Priest Mine
- Location: Temagami, Ontario, Canada; 46°51′57.02″N 79°57′57.49″W﻿ / ﻿46.8658389°N 79.9659694°W;
- Products: Copper, gold, lead, silver

= Priest Mine =

Mine in northeastern Ontario, Canada

Priest Mine is an abandoned surface and underground mine in Northeastern Ontario, Canada. It is located about 19 km northwest of the hamlet of Marten River on an island in north-central Cross Lake. Dating back to the early 1900s, it is one of the oldest mines in the municipality of Temagami.

==History==
The mine was discovered in 1907 when attention was focused there by the discovery of a quartz vein in rocks that closely resembled those in the town of Cobalt further north, which was undergoing a silver rush at the time. Development consisted of small open pits and sinking of a 23 m inclined shaft along the quartz vein. At least five small drifts were created off the shaft at the 9 m, 15 m and 23 m levels. Small shipments of sulfide ore, containing copper and lead with some gold and silver values, were made to a smelter.

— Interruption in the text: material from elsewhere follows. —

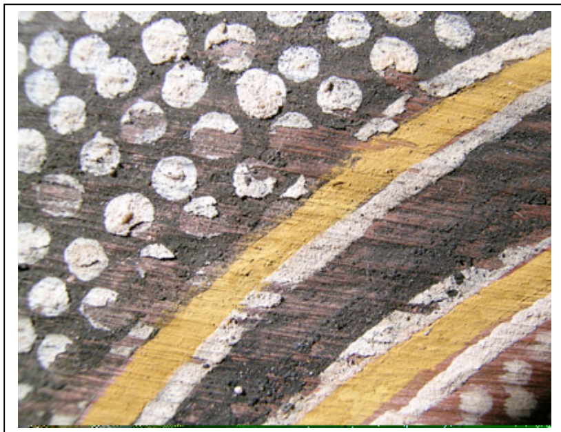
Déplacement des points blancs

In 1955, Cross Lake Mining Company Limited dewatered the shaft for examination and four diamond drill holes were created from the surface. It was evident that good mineralization had been encountered in the shaft, judging from the lumps of high-grade ore found lying in the muck, consisting of copper and galena, and some was observed on the waste rock dump. Heavy mineralization of pyrite, chalcopyrite and galena was noted at two points at the bottom of the shaft. The richest collected sample assayed 5.03% copper, 2.39% lead, 0.03 oz of gold and 2.26 oz of silver across a 38 cm mining width.